» **Your goal**:
Please output exactly the lines from the one containing "Отличная гостиница! Центр" through the end of the records below, leaving out any pictures.

» **Data provided**:
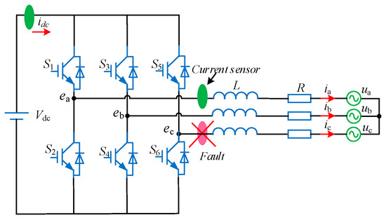 As shown in Figure 4, the current of dc, phase A, and phase C is sampled by the current sensor. Then the current of phase B can be obtained as −ia − ic based on the Kirchhoff Current Law (KCL). However, if one phase current sensor (taking phase C as an example) has a fault due to the harsh environment or aging sensors, then the current of phases B and C cannot be obtained, which leads to the control failure of the converter.
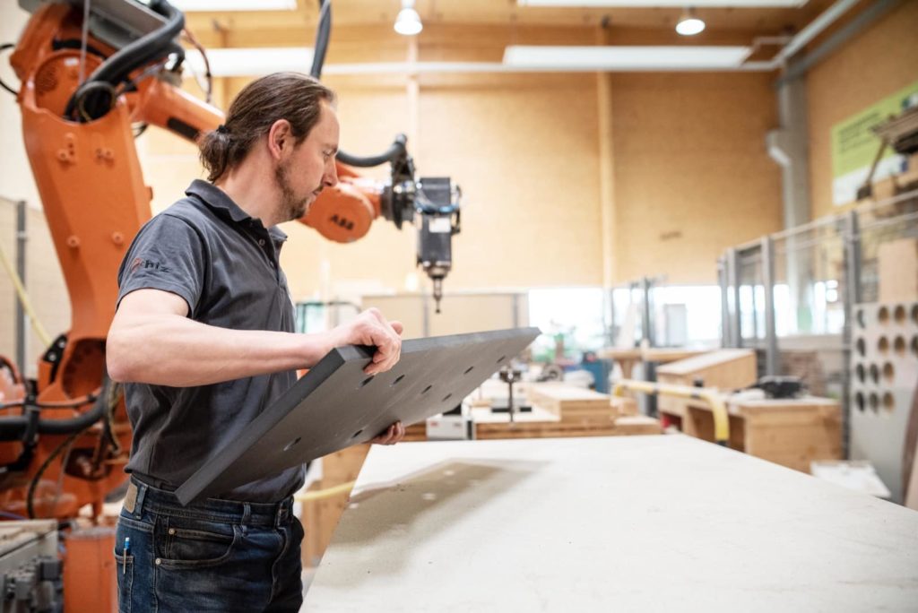 Die Grundlage von Orto, die verkeilten Holzstäbe, benötigen exakte Bohrungen in bestimmten Winkeln. Daher wird der Mensch auch in der Fertigung von der Maschine unterstützt: “Die Handarbeit macht der Roboterarm. Nur so kann die nötige Präzesion und Wiederholgenauigkeit gewährleistet werden.,” erklärt Pernthaler. Als Designer und Vorarbeiter bleibt der Mensch jedoch unersetzlich.
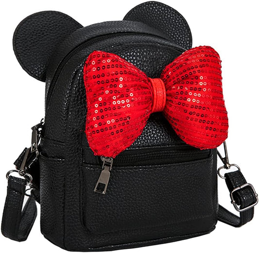 Girls Mini Backpack Purse Mouse Ear Polka-Dot Sequin Bow Convertible Backpack to Crossbody Bag fo...
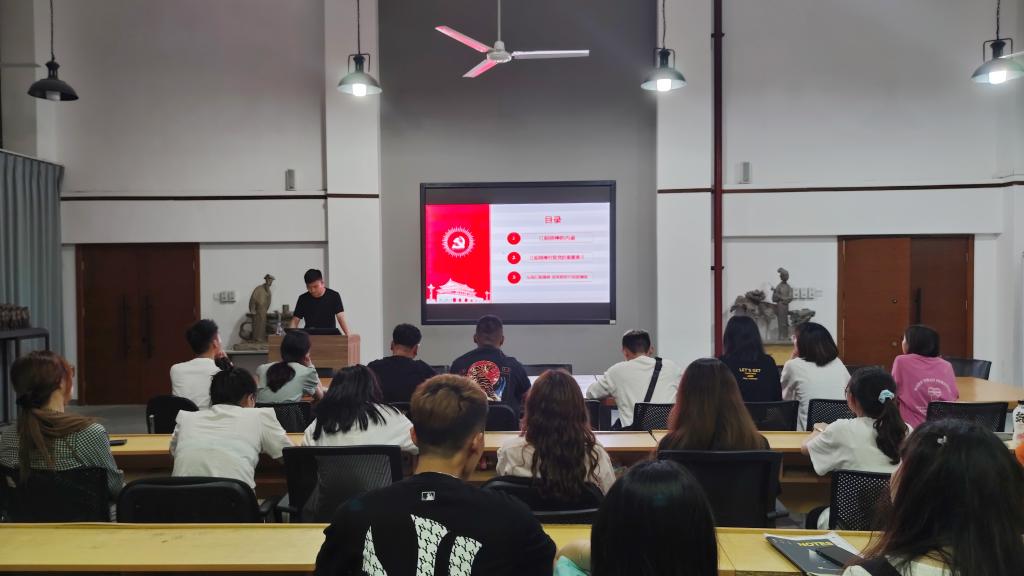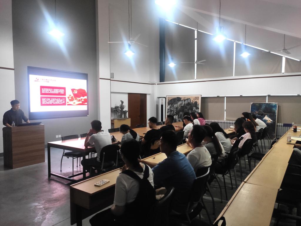 为回忆激情燃烧的革命岁月,重温革命先辈的英雄事迹,知党史、懂党恩,激发爱国爱党的热情。2021年6月11日,造型艺术学院党总支学生宣讲团在四楼多媒体教室举办“不忘初心,勇立潮头——红船再出发”党史宣讲会。第二节宣讲会由温泽旭和陈栋杰担任主讲人,造型艺术学院全体学生党员、入党积极分子参加。
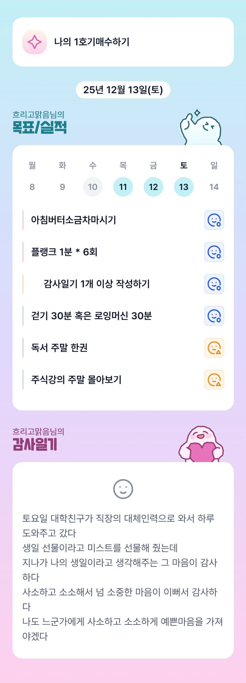 ㅎㅎ맑음님 감사일기에서 이미 예쁜 마음이 느껴지네요🤍
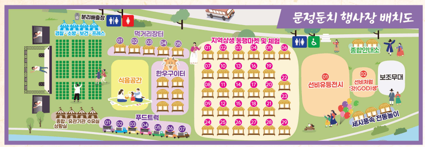 문정둔치 및 선비촌 일원 주차장과 대형버스 주차장은 아래 이미지를 참고해주세요.
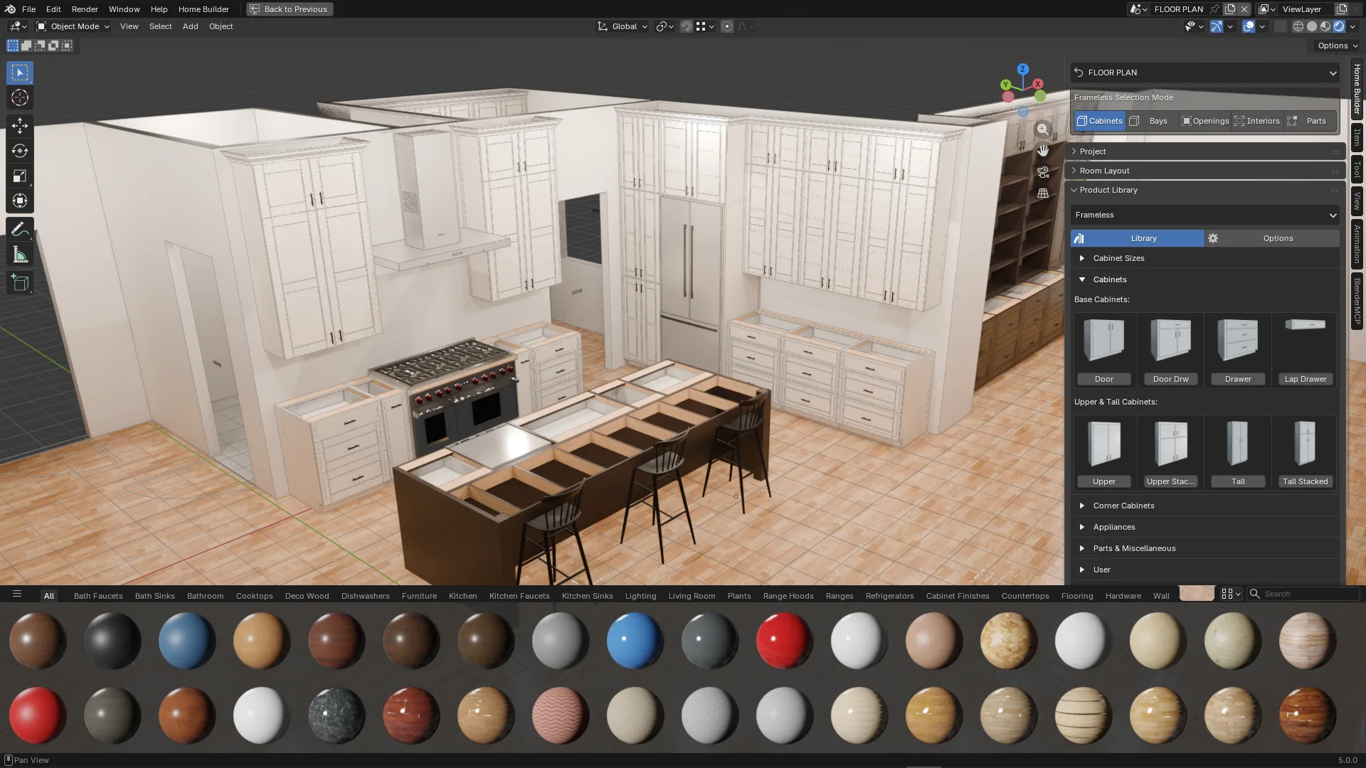 Blenderの Home Builder 5 は、住宅の内装(特にキッチン・洗面・クローゼットなど)を 設計ソフトのように作れる無料アドオンです。普通のモデリングとは違い、壁・家具・家電をパラメトリック(数値で調整)しながら配置できるのが特徴です。
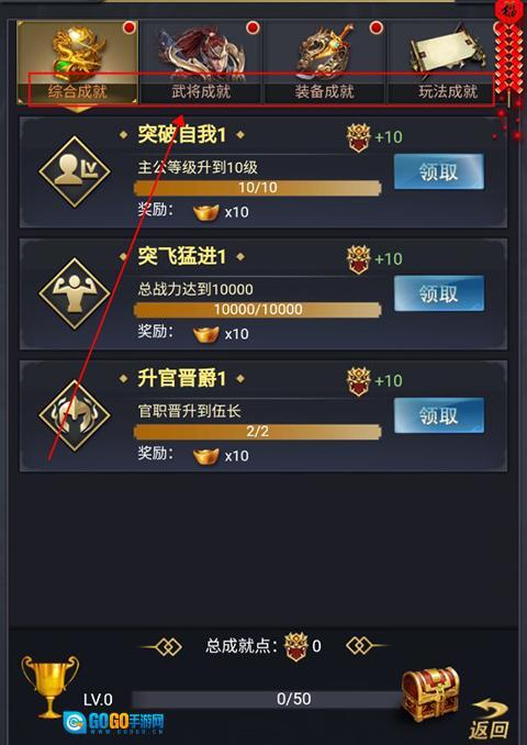 游戏内设有综合、武将、装备、玩法四大类成就,玩家每达成一项成就,都可领取元宝与成就点作为奖励;而积累的成就点能够用于提升成就等级,进而解锁对应的成就宝箱。
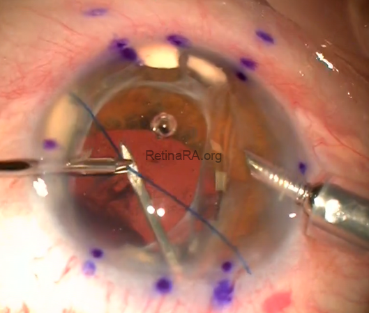The preoperative visual acuity of the case was 0.05 decimal. The surgeon chose to use the Four-Flanged technique to fix the subluxated four-haptic IOL to the sclera. He used a 27-gauge insulin needle tip and 6.0 Prolene sutures.
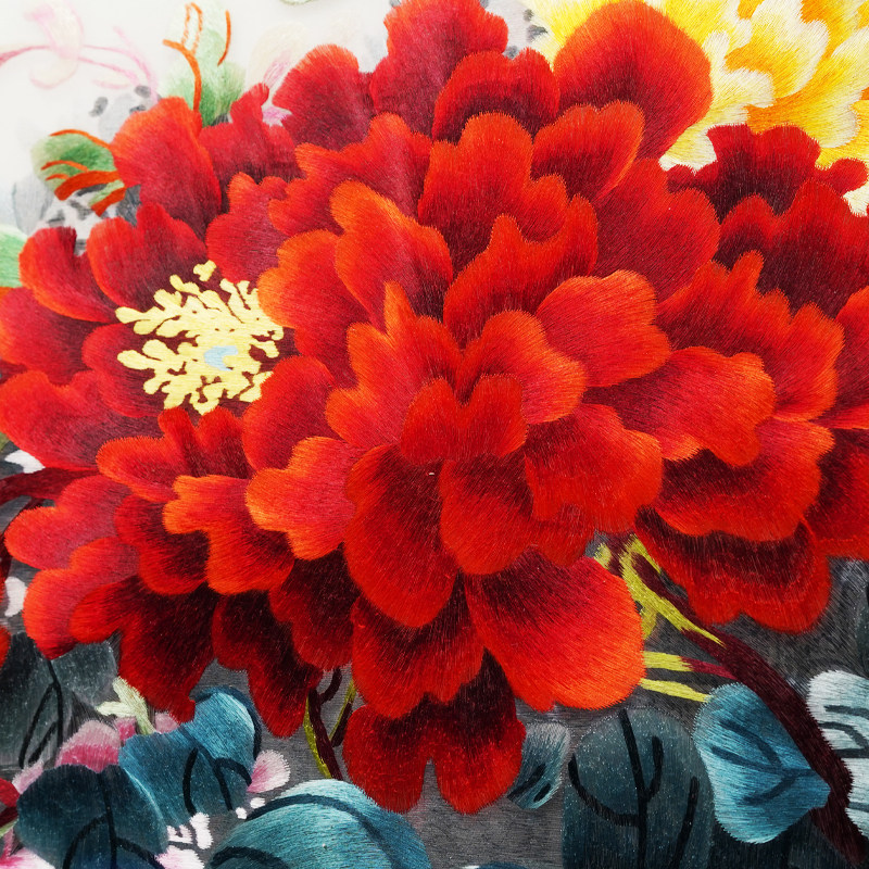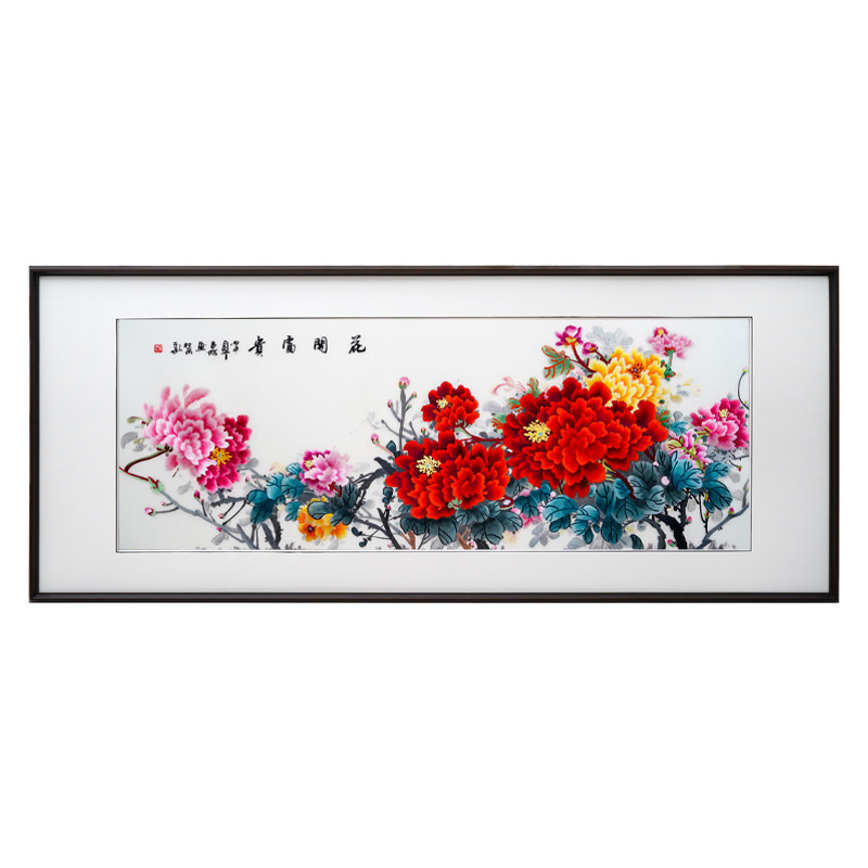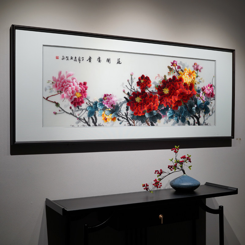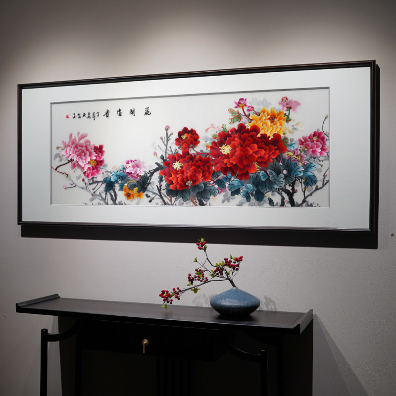 New Chinese style blossom rich atmosphere peony solid wood border pure handmade Su embroidery living room study room art hanging painting
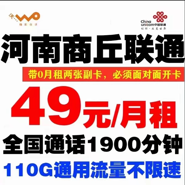 河南联通49包1900分钟110G300兆宽带2个副卡
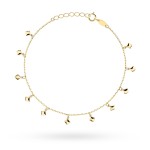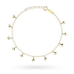 Delikatna i pełna uroku bransoletka wykonana ze złota próby 585 zachwyca lekką, łańcuszkową formą oraz subtelnymi, dekoracyjnymi elementami. Smukły łańcuszek został ozdobiony drobnymi, geometrycznymi zawieszkami, które swobodnie poruszają się przy każdym ruchu, nadając biżuterii lekkości i dziewczęcego wdzięku. Polerowana powierzchnia złota pięknie odbija światło, podkreślając elegancki, a jednocześnie minimalistyczny charakter bransoletki. Regulowane zapięcie umożliwia idealne dopasowanie do nadgarstka, zapewniając komfort noszenia. Bransoletka doskonale sprawdzi się jako subtelny dodatek do codziennych stylizacji, jak i delikatna biżuteria na wyjątkowe okazje. To także doskonały pomysł na prezent – uniwersalny, ponadczasowy i pełen elegancji, idealny na urodziny, rocznicę lub inne ważne chwile.
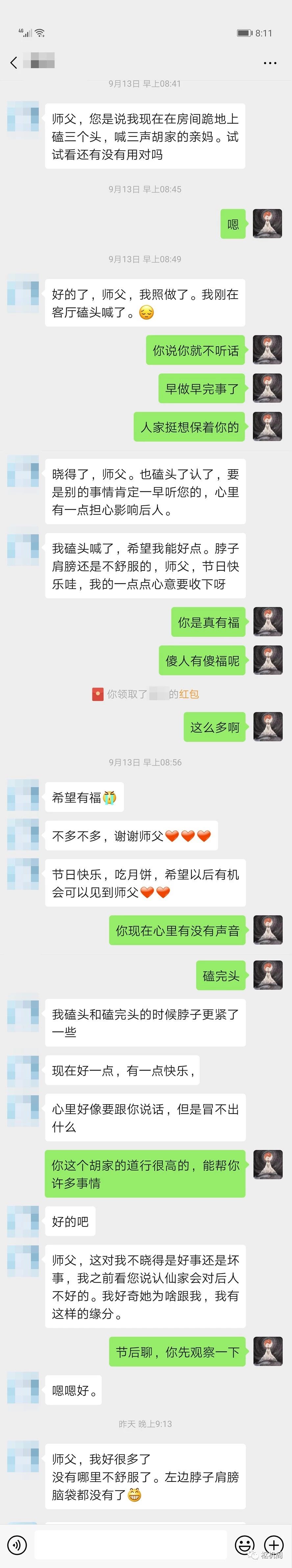 不是所有的精灵都配称为仙家,也不是所有的仙家都可以称之为正仙。这个仙家不是我聊天记录捧她厉害,是真的很有道行。要知道她其实在这个小姑娘身边许久了,从来就没磨过人。短短一两天的时间,能让小姑娘有这么大的生理反应,已是难得。要看一个仙家是不是正仙,还要看他是不是通人情,懂人理。有很多都是才会说人话,不讲道理的混蛋,这种也就算不上仙家,更谈不得正仙。像是聊天记录里这一位,说到做到,虽然是闹了小姑娘几天,可我也知道她也只是教训教训小姑娘,让她开开窍。以我查来的她的道行,如果真的是恶意伤人,其人是很难活下来的。正仙都是言出必行的,从最后的结果来看他没有让我们失望。
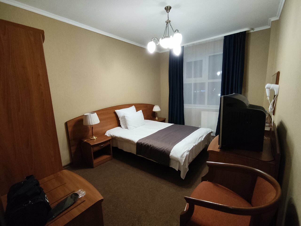 Отличная гостиница! Центр города в шаговой доступности, продуктовые магазины рядом. Чистые номера, приветливый персонал, в номере есть чайник, чай, кофе, мини холодильник, телевизор, туалет, ванная. Всем рекомендую!
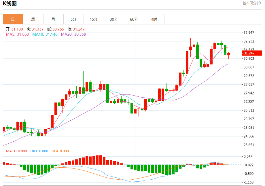 现货白银:截止北京时间20:22,现货白银上涨,现报31.24,涨幅0.35%。纽市盘前,白银价格在31.00美元找到了坚实的支撑,显示出受随机利好影响的看涨倾向,只要价格低于31.75美元,我们今天的看跌观点将继续有效,等待负面动机的出现,以确认突破上述支撑并为下一个主要目标30.06美元打开反弹之路。
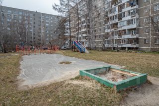 - дом вдали от дороги, окна выходят на тихий зеленый двор с просторной детской площадкой;
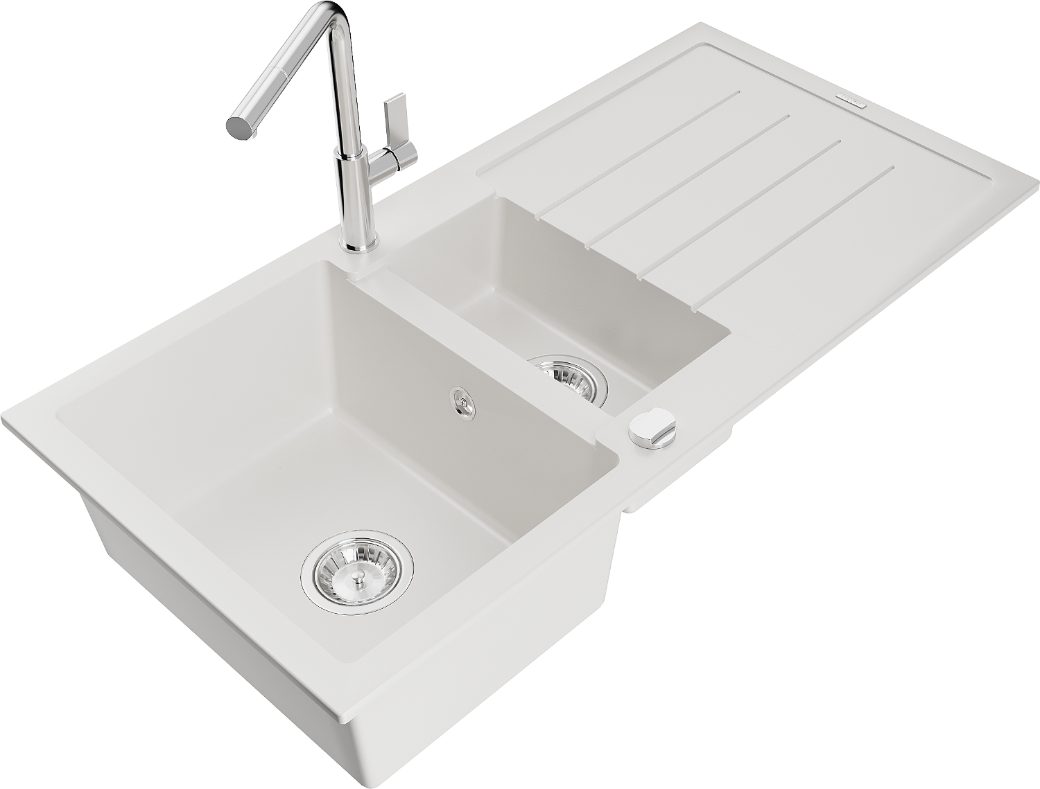 Mexen Andres granieten gootsteen 1,5-bak met afdruiprek en keukenmengkraan Flora, wit - 6515-20-670401-00
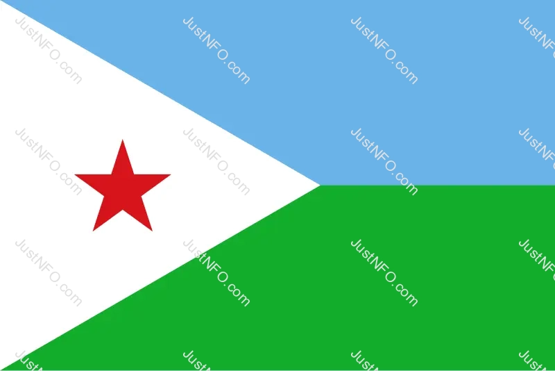The Flag of Djibouti featuring blue and green horizontal bands with a white triangle and a red star
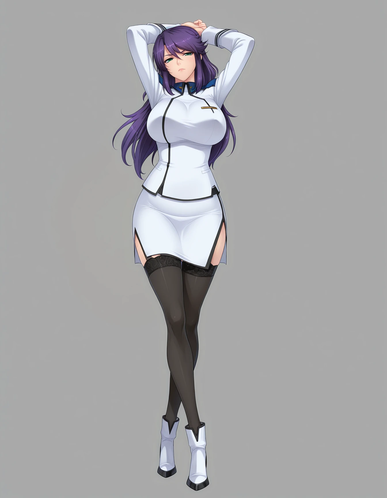 mai_pbg2,mai_rieri,mature_female,long_hair,purple_hair,green_eyes,large_breasts,military_uniform,pencil_skirt,miniskirt,side_slit,black_thighhighs,boots,white_uniform,blue_collar

» **Task answer**:
 Отличная гостиница! Центр города в шаговой доступности, продуктовые магазины рядом. Чистые номера, приветливый персонал, в номере есть чайник, чай, кофе, мини холодильник, телевизор, туалет, ванная. Всем рекомендую!
 现货白银:截止北京时间20:22,现货白银上涨,现报31.24,涨幅0.35%。纽市盘前,白银价格在31.00美元找到了坚实的支撑,显示出受随机利好影响的看涨倾向,只要价格低于31.75美元,我们今天的看跌观点将继续有效,等待负面动机的出现,以确认突破上述支撑并为下一个主要目标30.06美元打开反弹之路。
 - дом вдали от дороги, окна выходят на тихий зеленый двор с просторной детской площадкой;
 Mexen Andres granieten gootsteen 1,5-bak met afdruiprek en keukenmengkraan Flora, wit - 6515-20-670401-00
The Flag of Djibouti featuring blue and green horizontal bands with a white triangle and a red star
 mai_pbg2,mai_rieri,mature_female,long_hair,purple_hair,green_eyes,large_breasts,military_uniform,pencil_skirt,miniskirt,side_slit,black_thighhighs,boots,white_uniform,blue_collar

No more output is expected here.